Hoplodrina blanda (the rustic) is a moth of the family Noctuidae. It is found in the Palearctic realm (Europe, Morocco, Iran, Russia – south Urals, and southwest Siberia).

==Technical description and variation==

The wingspan is 31–35 mm. The length of the forewings is 13–16 mm. Forewing fawn-tinged grey, with a fuscous suffusion, with the ground colour sometimes paler, more luteous ochreous, especially in examples from W. Turkestan; costal edge pale; inner and outer lines obscurely marked; the median and praesubmarginal shades distinct; stigmata fuscous grey, with pale annuli; hindwing whitish, grey-tinged towards termen; the veins and cell mark darker; altogether darker grey in the female. Occurs throughout Northern and Central Europe and in Central Asia.

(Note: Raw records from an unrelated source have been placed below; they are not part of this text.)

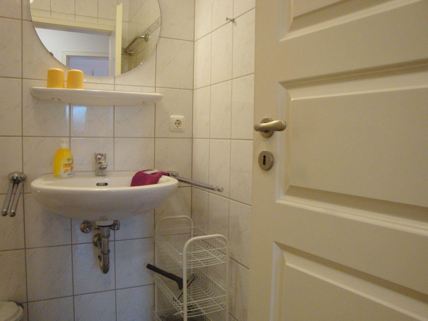 Badezimmer: 1 Badezimmer mit Dusche, Waschtisch, großer Spiegel
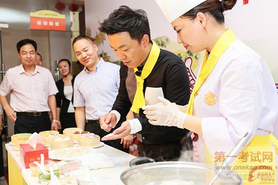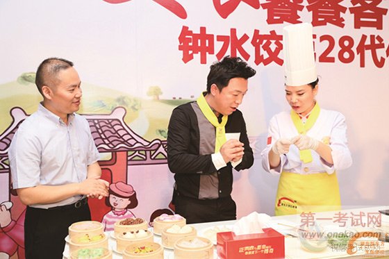 在中式面点课堂,四川名小吃钟水饺第28代传承人,新东方烹饪教育陈海燕大师正在制作钟水饺。晶莹剔透,小巧玲珑的钟水饺像接受过训练似的,一个接着一个跳到电煮锅里,如小鱼般随着水流一起舞蹈。待饺子煮熟后,黄渤老师蘸着微辣、鲜香、咸中带甜的红油味碟,一口咬下去,回味无穷。只是品尝当然不够,课堂上,黄渤虚心向陈大师请教包钟水饺的方法,并跟随陈大师一起包起了钟水饺。只见黄渤先取一块饺子皮,放入馅料,然后在饺子皮的边缘抹上清水,把饺子皮对折后,先把中间捏紧,再把两边捏紧,一个像模像样的“黄渤牌”钟水饺呈现在大家面前。 #
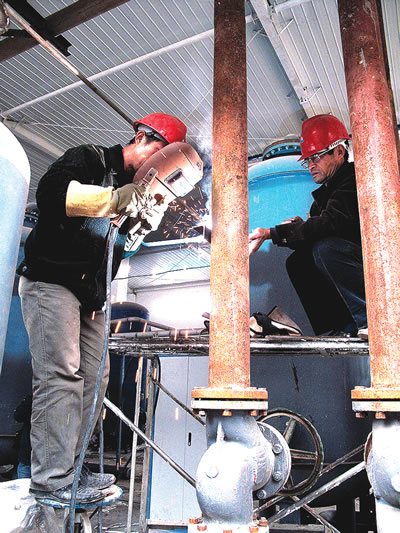 電焊工在焊接壓風(fēng)機(jī)管道
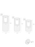 Size : 2.75"D x 4.125", 6.25", 8.25"H
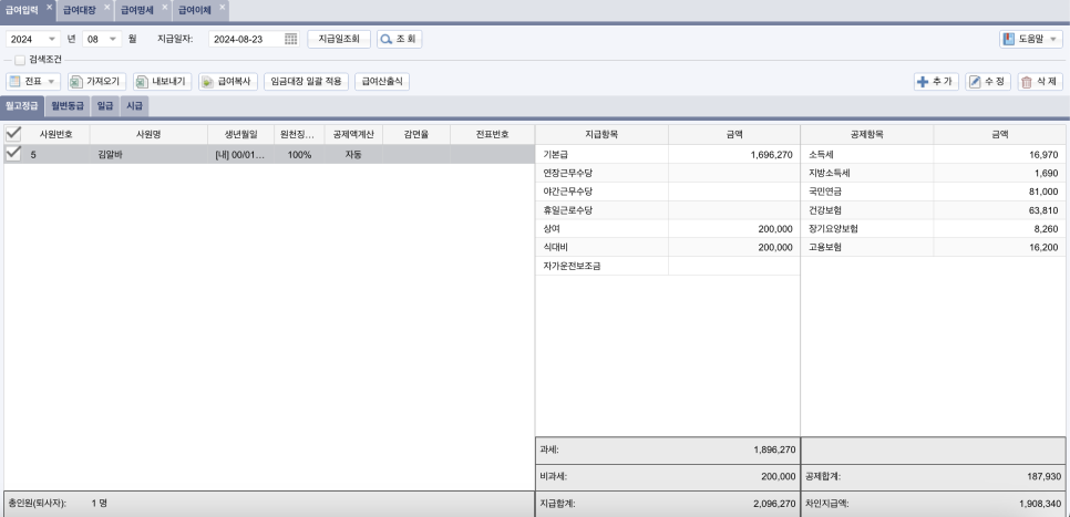공제 항목을 새롭게 추가하거나 변경할 수 있고, 수당 항목별로 4대보험 계산 여부, 비과세 여부, 통상임금 포함 등을 설정하여 정확하게 급여를 지급할 수 있어요.
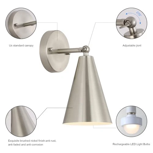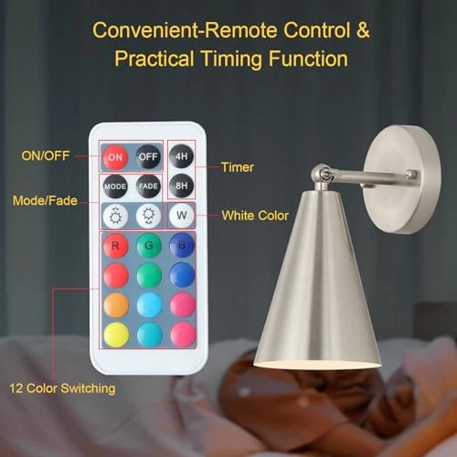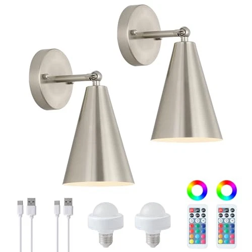 Menu 1. We require immediate payment. 2. We currently accept payment via eBay managed payments only. 3. Once payment is cleared, we will dispatch your shipment within 1-3 business days. Please refer to the "Shipping" tab for more information regarding shipping speed to your destination. Brushed Nickel Battery Operated Wall Sconces Set of Two,Wireless Rechargeable Led Lighting with Remote Control, Modern Dimmable 12 Color Temperatures Adjustable Angle Lamp with Silver Metal Shade Product description No Wiring Required & Easy to Install::This brushed nickel wall sconce easily lights up any wall space with the included a Led 1500mAh rechargeable battery bulb , these wall lamps can light up your space for 10-12 hours on a full charge., no wiring required.Accessories and installation instructions included,add luster to your home easily Modern Farmhouse Style:This indoor brushed nickel wall sconces combines modern and farmhouse, which makes it a perfect decor for your stairs,bathroom, living room, corridor, coffee shop, office, mirror etc Design:This interior silver wall light is stylish cone lampshade shape, combination of minimalist geometry and elegant streamlines, breaks the visual balance of the space and creates a high-level decorative interest Adjustable Angle:Industrial wall sconce 2 pack features 240 degree adjustable head, which can meet your need of lighting 12 Color Temperatures and Adjustable Brightness:This silver wall light offers 3 color temperatures (Warm, Warm White, and Daylight White), 12 RGB colors, and 2 dynamic modes, you can easily switch between these options using the remote control to create your preferred atmosp. Or simply press the bulb shade to toggle the color temperature and turn the light on or off, as the wireless wall sconce also features push-button touch functionality. Additionally, the brightness of this Led wall light can be adjusted from 25% to 100% Quality and Durability:This lamp equipped with sturdy die-cast metal, you do not worry about aging, bent or color fading problems. PLEASE MESSAGE US IF YOU HAVE ANY OTHER QUESTIONS, AND MANY THANKS FOR READING ALL OF THIS. Copyright ©#. All Rights Reserved.

These Asiatic examples — from Issyk-Kul; the defile of Little Kisil-su, Tianshan; Kappak, Alexander Mts.; and Ketmen-tjube, Sussamyr Mts.; must be separated certainly as an ab. centralasiae ab. nov. [Warren] though very possibly a distinct species; the ground colour of the forewing is paler, tinged with pinkish brown along the two folds, and the dark markings stand out more conspicuously; the costal edge is pale; the hindwing, even in the female, is whiter, showing a distinct cell spot. Described from a series of more than a dozen males but only one female, from the above-mentioned localities; the type male from Kappak, the female from Ketmen-tjube. Similar to and confused with Hoplodrina octogenaria and Hoplodrina ambigua. Certain identification requires dissection of the genitalia.See Townsend et al.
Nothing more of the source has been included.